MATERIAL SUPPLIED.
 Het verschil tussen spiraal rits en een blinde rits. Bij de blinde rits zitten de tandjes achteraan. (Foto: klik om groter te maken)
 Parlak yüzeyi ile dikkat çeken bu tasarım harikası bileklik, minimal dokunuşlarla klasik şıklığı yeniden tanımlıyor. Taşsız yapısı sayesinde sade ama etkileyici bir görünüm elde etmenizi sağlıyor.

* * *

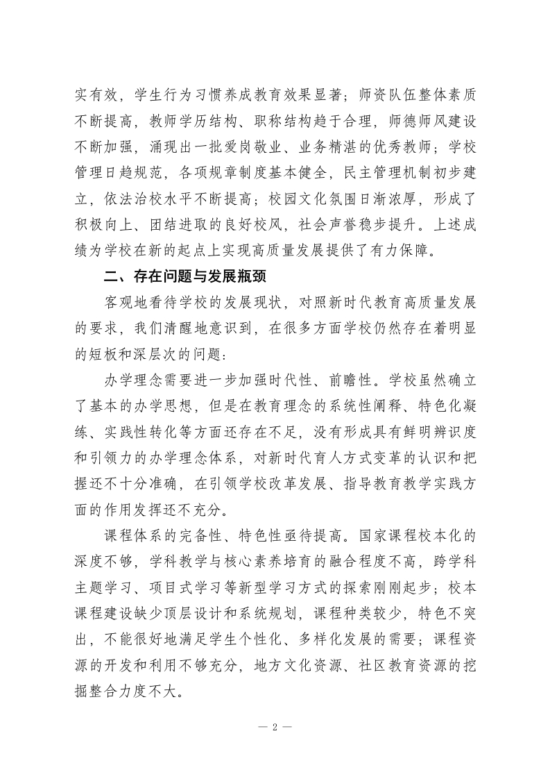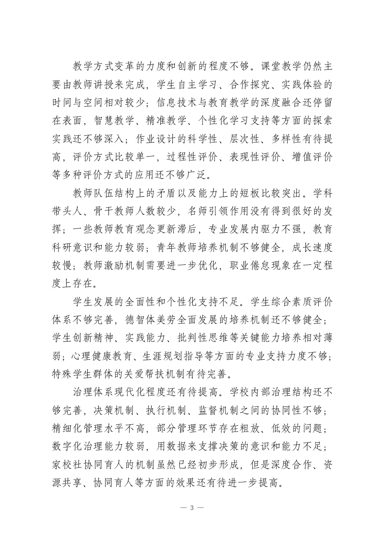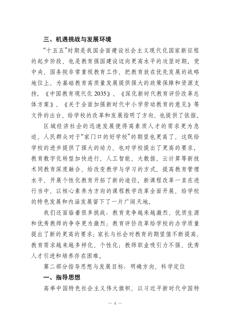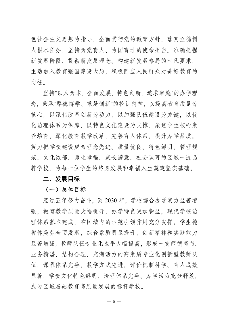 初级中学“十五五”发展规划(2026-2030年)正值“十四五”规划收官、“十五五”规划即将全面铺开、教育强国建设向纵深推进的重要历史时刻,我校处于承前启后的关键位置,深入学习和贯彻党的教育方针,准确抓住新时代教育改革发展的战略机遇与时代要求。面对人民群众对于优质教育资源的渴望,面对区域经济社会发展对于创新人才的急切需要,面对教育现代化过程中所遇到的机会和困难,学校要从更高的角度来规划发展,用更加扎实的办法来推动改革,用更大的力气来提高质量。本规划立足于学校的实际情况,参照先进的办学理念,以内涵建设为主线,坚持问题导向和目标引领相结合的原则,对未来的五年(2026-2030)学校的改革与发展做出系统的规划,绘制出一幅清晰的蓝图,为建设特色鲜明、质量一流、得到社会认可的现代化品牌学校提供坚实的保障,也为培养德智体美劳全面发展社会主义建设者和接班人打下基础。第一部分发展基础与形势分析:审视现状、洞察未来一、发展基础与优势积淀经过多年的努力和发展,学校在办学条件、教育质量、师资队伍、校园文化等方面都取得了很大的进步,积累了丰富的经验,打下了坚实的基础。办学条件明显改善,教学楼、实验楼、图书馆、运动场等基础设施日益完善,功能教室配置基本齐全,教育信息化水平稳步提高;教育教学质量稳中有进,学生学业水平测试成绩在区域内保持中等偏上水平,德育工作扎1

* * *

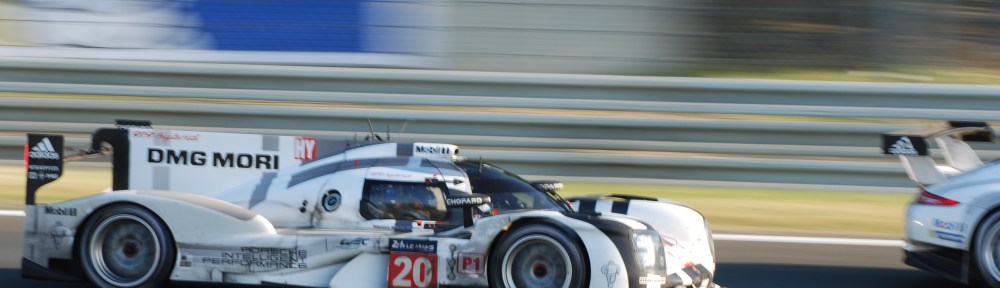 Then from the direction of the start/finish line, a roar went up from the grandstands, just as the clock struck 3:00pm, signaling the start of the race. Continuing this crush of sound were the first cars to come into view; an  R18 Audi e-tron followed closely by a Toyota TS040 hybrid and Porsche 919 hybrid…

WORK TASK.
Once the line with "Het verschil tussen" is found in the records above, print exactly that line and every line after it through the line with "Parlak yüzeyi ile".

RESULT OF THE EXERCISE.
 Het verschil tussen spiraal rits en een blinde rits. Bij de blinde rits zitten de tandjes achteraan. (Foto: klik om groter te maken)
 Parlak yüzeyi ile dikkat çeken bu tasarım harikası bileklik, minimal dokunuşlarla klasik şıklığı yeniden tanımlıyor. Taşsız yapısı sayesinde sade ama etkileyici bir görünüm elde etmenizi sağlıyor.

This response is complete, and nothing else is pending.